This writer tweeted a quote from the story which said the Harper government had demonized refugees.

Current Immigration Minister Chris Alexander paid no heed to that comment; but his predecessor, Jason Kenney, tweeted in reply: “‘Demonized’ refugees by admitting 115,000 of them during my tenure as Minister of Immigration?”

He then added: “By maintaining the highest per capita level of refugee resettlement in the world?” And: “By increasing the Refugee Assistance Program by 10 per cent? By creating the IRB’s Refugee Appeal Division for failed claimants.”

It seems we had hit a sensitive nerve.

Kenney forgot to mention the cancellation of the federal health program for refugees. Even after a Federal Court judge ordered that the program be fully restored, the Harper government resisted and only very partially respected the order.

Nor did the former minister mention his own so-called refugee reform legislation, which created a two-tier system for asylum seekers through an arbitrary list of notionally safe countries.

A court has found that measure to be unconstitutional, as well.

As for the actual immigration minister, he finally decided to come out from hiding when he took part in that now-infamous panel discussion on CBC’s Power and Politics.

Alexander lacks Kenney’s finely tuned killer instinct, and made something of a fool of himself trying to claim Canada’s indifferent reaction to the current refugee crisis was all the media’s fault.

The minister is now back in Ottawa trying to figure out how his government failed to give refugee status to the family of a small boy who, with most of his family, drowned in their efforts to flee the Middle East. The family had close relatives in British Columbia, whose MP had directly appealed to Alexander to intervene on their behalf — to no avail.

Now the Conservative minister has some questions to pose to his officials.

The truth, however, is that Alexander knows the answer to his questions. 
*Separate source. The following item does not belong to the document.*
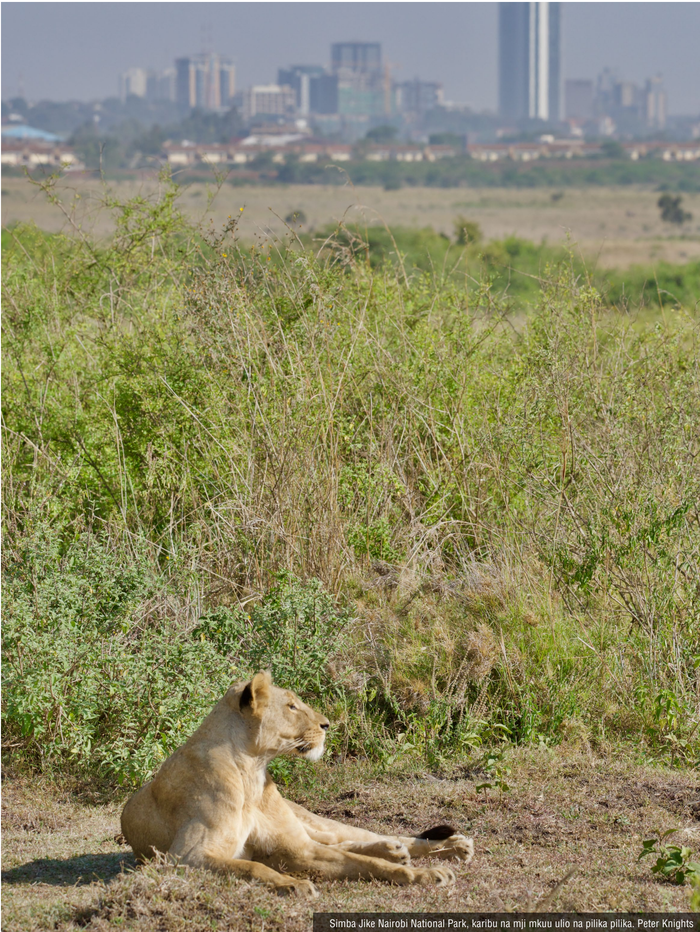
Simba Jike Nairobi National Park, karibu na mji mkuu ulio na pilika pilika. Peter Knights

The answer is that, to Canada, everything connected with the Syrian conflict is a security, not a humanitarian, issue. It is almost certain that Canadian officials have been instructed to be extremely wary in qualifying any Syrians fleeing the conflagration in their country as refugees. 
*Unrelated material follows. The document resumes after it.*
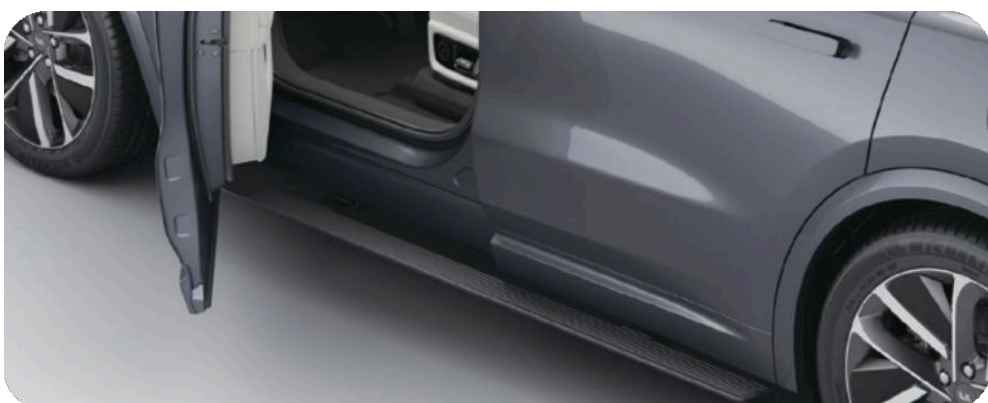
Выдвижные пороги с электроприводом 2

Легкосплавные колёсные диски чёрно-серого цвета

The government does not want to bring in people who might have political or religious affiliations it considers to be, shall we say, dubious. That is why, at one point, the Harper government offered to accept a limited number of Christian and other non-Muslim Syrians only. To the Harper people, those would be safe refugees.
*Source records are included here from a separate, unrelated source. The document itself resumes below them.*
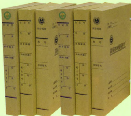
无酸纸档案盒（文书、科技）

本公司始终以“质量求生存、创新求发展、信誉引客户”的生产管理方针，以“诚信”为座右铭，赢得了广大档案界朋友的支持和厚爱。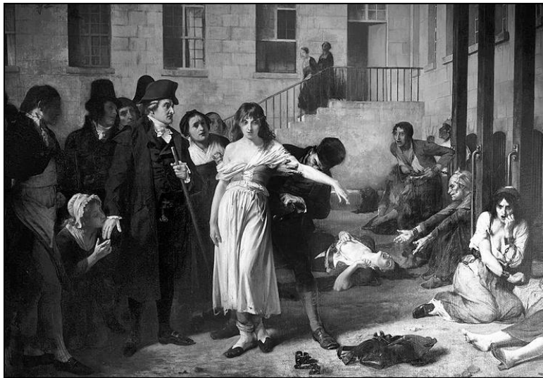
Филипп Пинель снимает цепи с больных Художник Тони Робер-Флери

Каждая глава рассматривает особую группу психических расстройств, особенности симптомов, течения и терапии заболевания. Структура глав построена так, что они разделены на две связанные части: художественную и медицинскую. Я очень надеюсь, что смогу показать читателю мир психиатрии изнутри, чтобы каждый смог через описание клинических случаев, изложенных в несколько художественной манере, посмотреть на болезнь тем же взглядом, что и врач-психиатр. Оговорюсь, что все представленные истории со-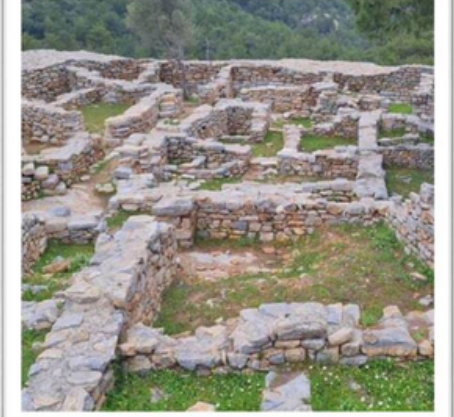
Pedasa Antik Kenti

Kral Mausolos tarafından yaptırılmış olan Myndos Kapısı, Bodrum merkez ile Gümbet arasında yer alıyor, Bodrum tarihi yerleri açısından da çok önemli bir yere sahip yapılarından biri. Büyük İskender'in geçemediği kapı olarak da anılır.

That suggestion irked the United Nations High Commission for Refugees (UNHCR), which reminded Canada that the vast majority of Syrian refugees are, in fact, Muslims.

Media was indifferent that Harper and his team were mean to refugees

The hard truth is that the Harper government has, for a number of years, avoided a much-deserved public black eye for its consistently mean-spirited refugee policy.

Mainstream news organizations, such as The Globe and Mail, might be trenchantly critical of the Conservatives for such assaults on democracy as the Fair Elections Act, but they fawned all over Kenney when he was in charge of immigration.

They seemed to fully accept Kenney’s unfair and unsubstantiated claims that his harsh measures were aimed at deterring queue-jumpers and people he called bogus refugees.

Kenney made a particular point of defending the country that is now at the centre of the European refugee crisis: Hungary.

Now that he has had the effrontery to antagonize his European neighbours, especially Germany, Hungary’s right-wing, nationalist Prime Minister Viktor Orban is showing his true colours.

Even if the Germans are ready and willing to take in several hundred thousand African, Western Asian and Middle Eastern refugees, Orban wants to prevent them from even transiting through his self-styled Christian country.

Orban, of course, is less worried about offending other Europeans than he is about being upstaged by the Hungarian party to his immediate right, the neo-fascist Jobbik Party. The same Jobbik thugs who torment refugees departing Hungary regularly humiliate and attack Hungary’s large Roma and Jewish populations.

Orban acts tough with his own minorities, and with those he characterizes as alien intruders, to mollify the Jobbik extremists, who have a considerable following, especially in the Hungarian countryside.

The Europeans, including the Germans, have known what the current Hungarian regime is all about for a while. German media, notably the wide-circulation magazine Der Spiegel, have been full of stories about Hungarian outrages, particularly with regard to the Roma.

It has long suited the Europeans’ purpose to look the other way, however. The cruel truth is that Germany, France and other EU countries are not interested in welcoming hundreds of thousands of destitute and persecuted Roma from Hungary, Slovakia, Romania, and other countries to its east.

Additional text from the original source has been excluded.